Roger Cohen makes a stunning argument in today's New York Times:
So I’m wary of the clamor for retribution. Congress failed. The press failed. The judiciary failed. With almost 3,000 dead, America’s checks and balances got skewed, from the Capitol to Wall Street. Scrutiny gave way to acquiescence. Words were spun in feckless patterns.
Those checks and balances are recovering now. I don’t think this recovery would be served by prosecutions, either of C.I.A. operatives or those who gave them legal advice. Such legal action, if initiated, would split the intelligence services and the military in paralyzing ways at a time when two wars, in Iraq and Afghanistan, are still being fought. The country would be lacerated.

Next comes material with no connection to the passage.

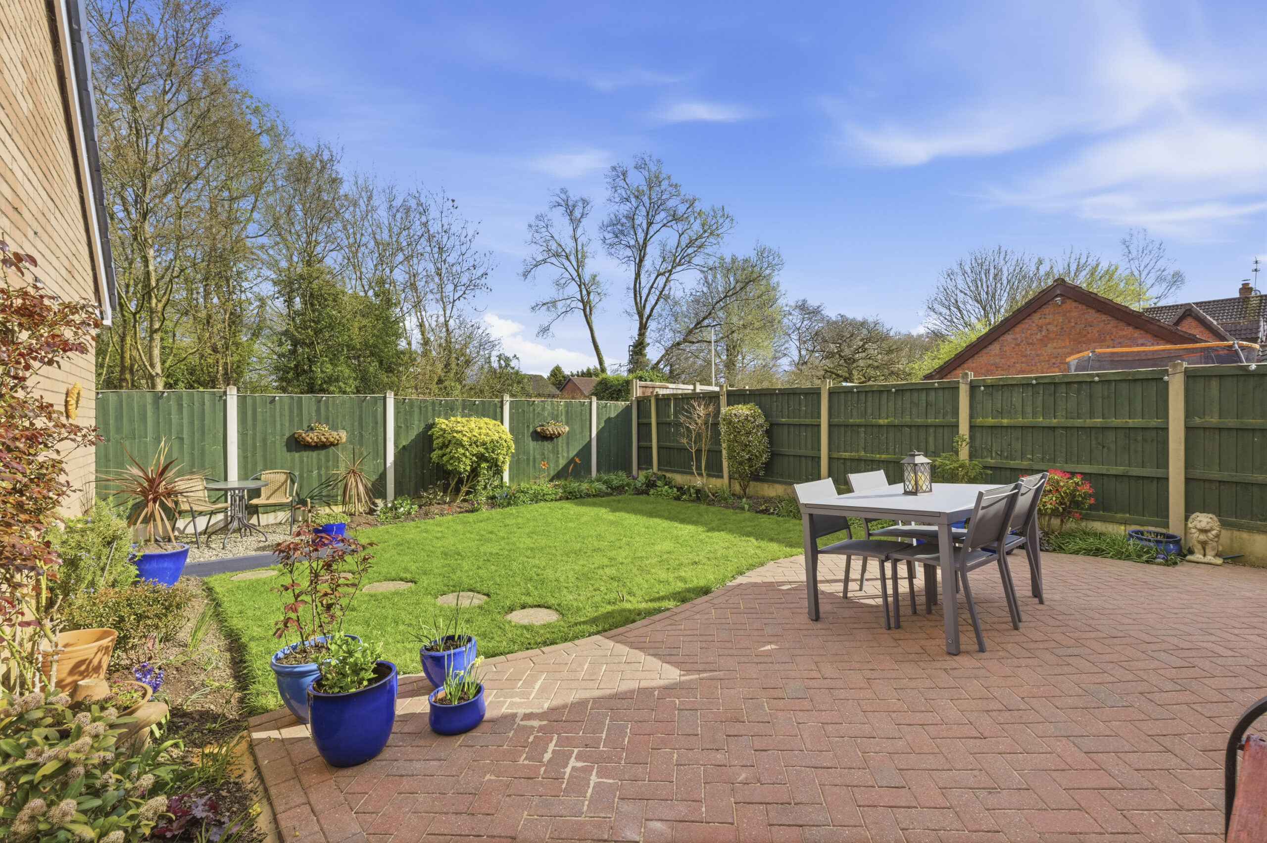 The front garden is lawned. The rear garden enjoys a South Eastly aspect and is lawned with borders, a large block paved patio and a gravel seating area. The rear garden enjoys an attractive woodland backdrop.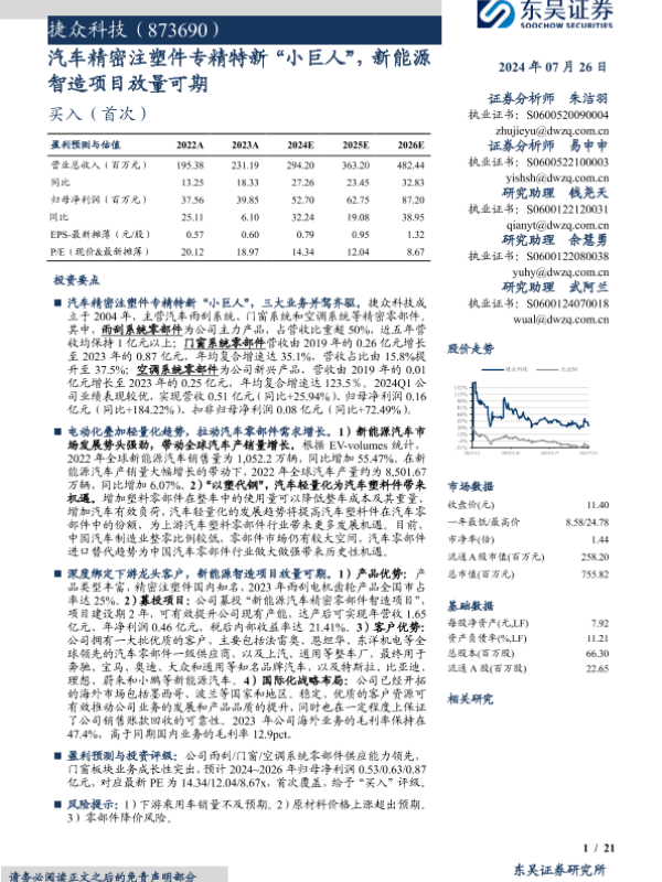 【东吴证券】【20240726】捷众科技(873690)汽车精密注塑件专精特新“小巨人”,新能源智造项目放量可期-21页 行业研究

I agree with Cohen that the press failed miserably in the aftermath of 9/11, but given that the coverage of the torture debate has focused not on whether American officials broke the law but rather how the president might be weathering the political storm surrounding the release of the torture memos, I'd suggest that the press really isn't done failing yet.
Cohen's argument simply reflects the consensus among certain journalistic and political elites that the powerful simply shouldn't be held accountable when they make mistakes, because, after all, we all make mistakes. This compassionate attitude naturally doesn't extend beyond this small group. America has the highest incarceration rate in the world, fully 1 percent of the population. I'm sure there are millions of people currently incarcerated who would like it if Cohen's policy of absolution for crimes was extended to them.
More important, this entire philosophy has it backward. Accountability is the burden of the powerful in a democracy. Those who are responsible for upholding our laws shouldn't get a pass when they break them, precisely because they have that responsibility. Power without accountability is, by definition, tyranny.